Description of the task = Below are records with pictures in them. Transcribe everything from the line containing "concluded Metropolitan Luke." down to the line containing "在大地原点的不远处,隆基光伏", exactly, and leave the pictures behind.
Data under study section start
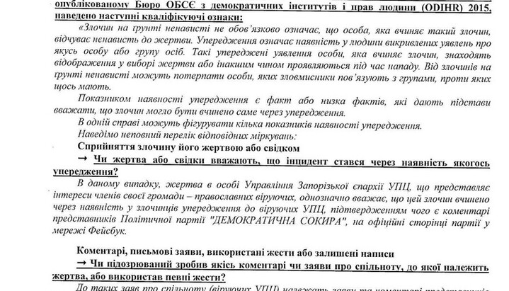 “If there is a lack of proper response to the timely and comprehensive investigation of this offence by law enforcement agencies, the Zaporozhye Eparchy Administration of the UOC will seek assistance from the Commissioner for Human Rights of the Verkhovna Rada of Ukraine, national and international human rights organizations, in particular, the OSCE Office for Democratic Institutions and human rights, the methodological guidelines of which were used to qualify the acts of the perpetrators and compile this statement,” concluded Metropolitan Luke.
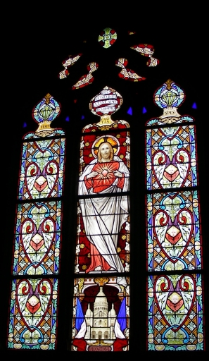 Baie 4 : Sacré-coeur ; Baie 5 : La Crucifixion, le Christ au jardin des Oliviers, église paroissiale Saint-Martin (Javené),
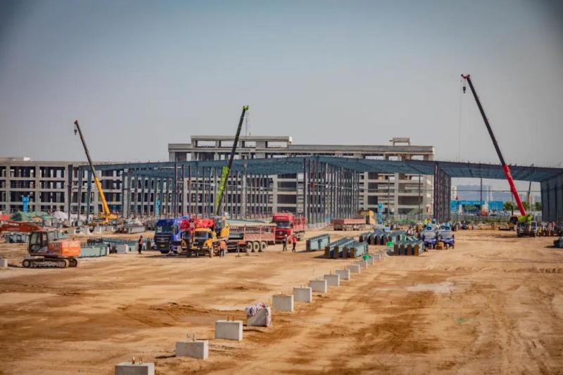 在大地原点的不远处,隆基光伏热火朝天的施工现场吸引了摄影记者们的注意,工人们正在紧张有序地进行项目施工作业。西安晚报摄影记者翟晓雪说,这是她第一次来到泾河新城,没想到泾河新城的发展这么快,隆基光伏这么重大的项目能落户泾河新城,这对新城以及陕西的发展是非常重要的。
Data under study section end
Data under study section start
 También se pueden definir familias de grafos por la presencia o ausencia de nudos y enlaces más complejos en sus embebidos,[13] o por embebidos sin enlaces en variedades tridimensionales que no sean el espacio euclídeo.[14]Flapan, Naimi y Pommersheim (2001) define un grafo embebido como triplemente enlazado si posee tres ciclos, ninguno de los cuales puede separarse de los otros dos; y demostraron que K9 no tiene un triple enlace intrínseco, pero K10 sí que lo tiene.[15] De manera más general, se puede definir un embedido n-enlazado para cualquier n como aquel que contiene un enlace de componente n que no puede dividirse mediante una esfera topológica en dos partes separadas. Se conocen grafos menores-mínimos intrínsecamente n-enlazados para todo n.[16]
Data under study section end
Data under study section start
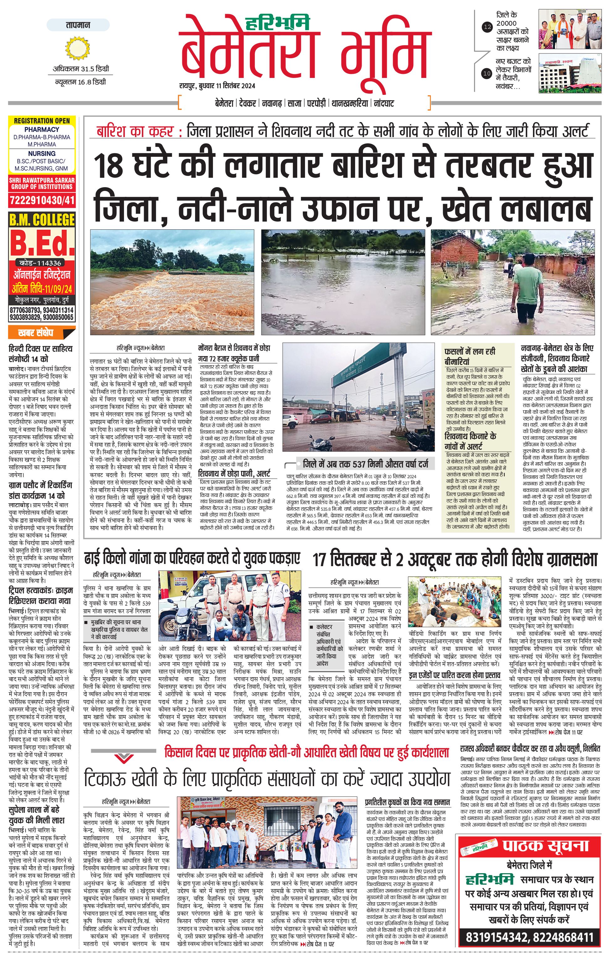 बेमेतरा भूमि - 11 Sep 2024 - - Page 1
Data under study section end
Answer section =
 “If there is a lack of proper response to the timely and comprehensive investigation of this offence by law enforcement agencies, the Zaporozhye Eparchy Administration of the UOC will seek assistance from the Commissioner for Human Rights of the Verkhovna Rada of Ukraine, national and international human rights organizations, in particular, the OSCE Office for Democratic Institutions and human rights, the methodological guidelines of which were used to qualify the acts of the perpetrators and compile this statement,” concluded Metropolitan Luke.
 Baie 4 : Sacré-coeur ; Baie 5 : La Crucifixion, le Christ au jardin des Oliviers, église paroissiale Saint-Martin (Javené),
 在大地原点的不远处,隆基光伏热火朝天的施工现场吸引了摄影记者们的注意,工人们正在紧张有序地进行项目施工作业。西安晚报摄影记者翟晓雪说,这是她第一次来到泾河新城,没想到泾河新城的发展这么快,隆基光伏这么重大的项目能落户泾河新城,这对新城以及陕西的发展是非常重要的。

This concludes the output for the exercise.